Task 2: Reading a local file

Download the coral_fish.csv dataset from OLAT, and save it in the data folder in your project.

This is a dataset of fish species richness (i.e., the total number of species) for a number of tropical and subtropical coral reefs in the Atlantic Ocean.

2a. Use the read.csv() function to load the dataset. Look over the dataset in the viewer (you can use the View() function).

2b. The dataset needs some cleaning. Inspect the data in R to find if there are any obvious problems. What issues did you find? How did you find them?

2c. Use R to handle the problematic cases. How did you deal with them? Save a new cleaned copy of the dataset (do not overwrite the original data!) using the write.csv() function.

2d. Inspect the data graphically. Using the cleaned dataset, use the hist() function to create a histogram. You can look at the help file to hist to see if you want to change any of the defaults.

Hints: You might consider creating separate histograms for tropical and subtropical reefs.

You can save the histogram to your disk using the pdf() and dev.off() functions:

# change the name to whatever you want, and don't forget to include a folder name!
# use ?pdf to see the help file, experiment with changing the defaults
pdf("filename.pdf") 

# replace ... with whatever arguments the hist function requires
hist(...)

# tells R that the figure is done and it's ok to save
dev.off() 

Task 3: Reading data from the internet

The read.csv() function can also download data from the internet! Use it like so to get the next dataset:

# remember you need to save the dataset into a variable!
read.csv("https://raw.githubusercontent.com/allisonhorst/palmerpenguins/refs/heads/main/inst/extdata/penguins.csv")

This is the Palmer Penguins dataset, a freely available dataset consisting of information on the body measurements of three species of Penguin collected by Dr. Kristen Gorman at Palmer Station in Antartica.

3a. Data cleaning. Inspect the data in R. The dataset contains a number of NAs. You might also inspect to make sure there are no other obvious issues.
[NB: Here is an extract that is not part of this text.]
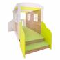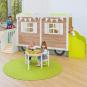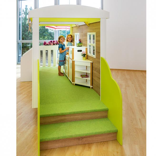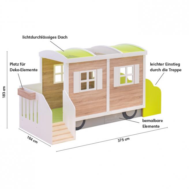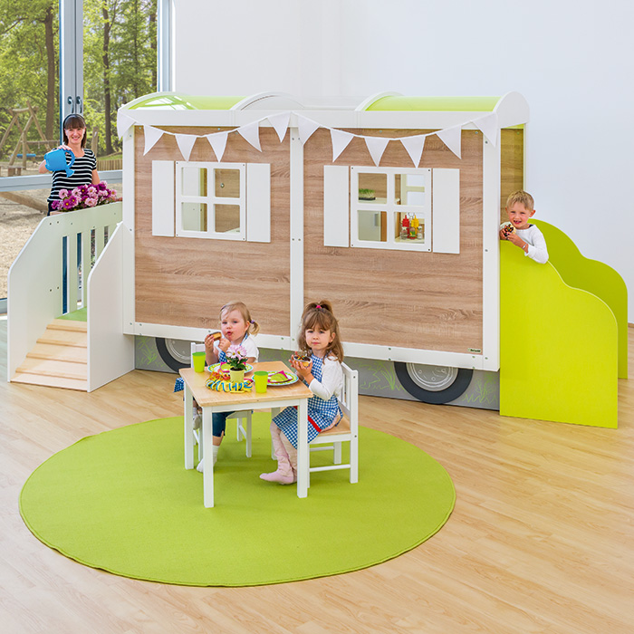 Das tolle Design bringt gleich gute Laune. Der Wohnwagen motiviert Ihre Kinder zu immer neuen Spielideen und fantasievollen Rollenspielen. Dazu bietet er reichlich Platz für viele Aktivitäten. Gleich mehrere Kinder spielen hier gleichzeitig. Eine Treppe und eine Rampe erleichtern Ihren Kleinen den Ein- und Ausstieg. Durch das Dach aus grünem und weißem Acrylglas gelangt viel Licht ins Innere. Der grüne Tretford Teppich sorgt beim Spielen für Wohlfühlatmosphäre. Außen lädt die integrierte Tafelfläche am unteren Teil des Wohnwagens zum kreativen Bemalen ein. Acrylglasfenster in Scheibenoptik und ein Blumenkasten am Balkon bereichern die liebevolle Gestaltung. Zur einfachen Selbstmontage. Aufbauzeit ca. 1 Stunde (2 Erwachsene). Deko bitte separat bestellen.
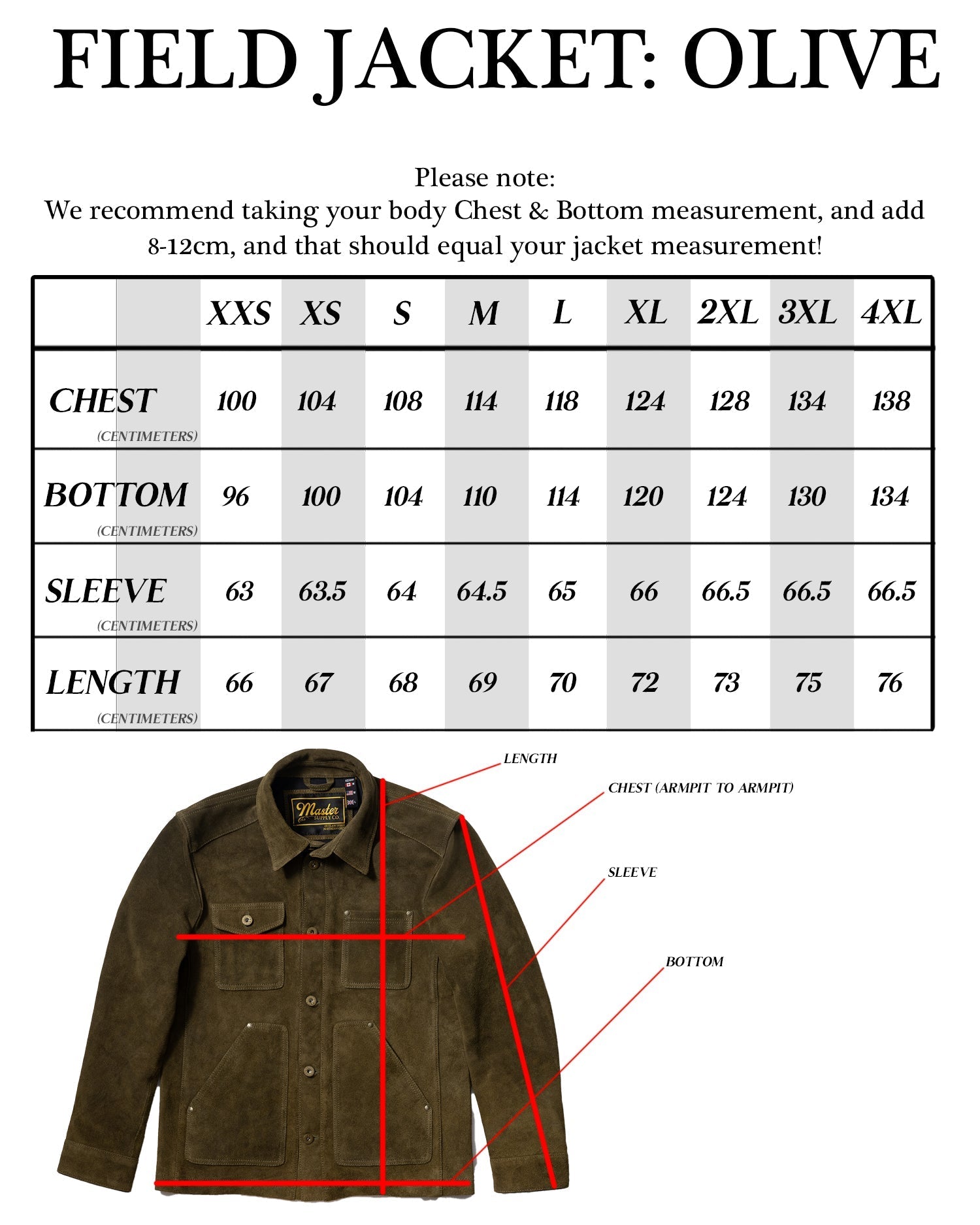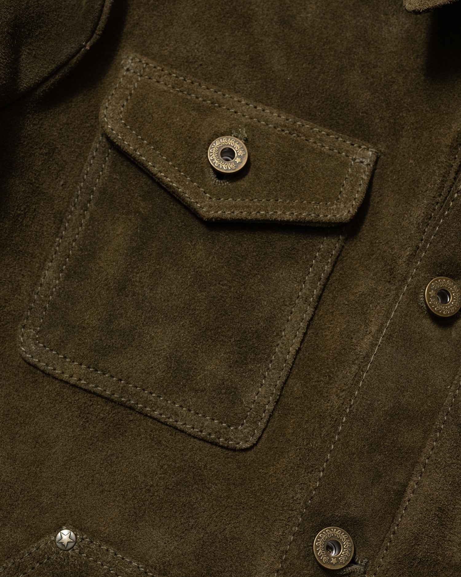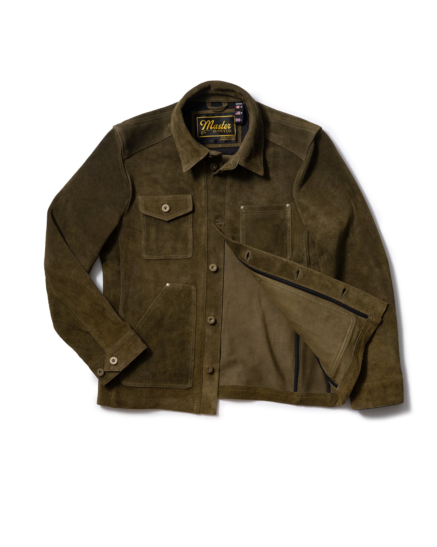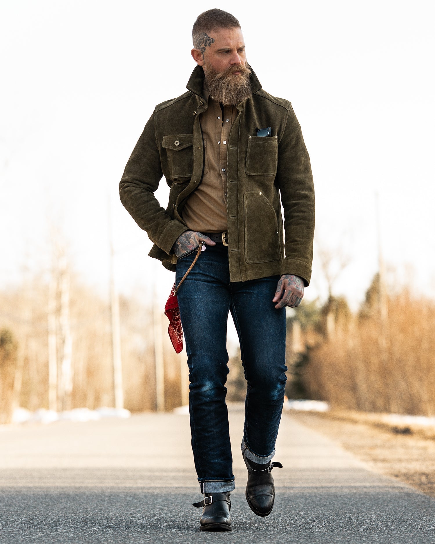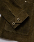 A rugged reinterpretation of the classic chore coat, built for durability, utility, and all-season wear. Cut from full-grain roughout cowhide in a deep tobacco-olive, this unlined Field Jacket is designed to break in beautifully and age with character.

Use R to remove any rows that contain NAs. Save the edited data frame to your computer in “data/pengiuns.csv” using write.csv().

Next, subset the data to look at only Gentoo penguins. Save the subsetted dataset in a second .csv file on your computer.

3b. How many rows are in the new dataset? How many males and females? How many from each island? What R function(s) did you use to answer this?

3c. Compute some summary statistics for the variable body_mass_g.

Useful statistics include mean, standard deviation, the minimum and maximum, and the standard error of the mean (remember: standard error is sn). Many of these functions are on the cheat sheet. You can also search for a string using two question marks, e.g., `??“standard deviation” will search for help files that refer to the standard deviation.

3d. Inspect the data using bivariate scatterplots. Use plot(x, y), where x and y are two vectors that you would like to plot against each other. Check out the help file for plot, use it to figure out how to change the x- and y-axis titles. You might try plotting one or two of the bill measurements on the y axis, with body_mass_g on the x axis.

As with question 2, save these plots by putting the plot function between pdf() and dev.off(). I recommend you save yoru plots in a separate folder (e.g., the output or results folder).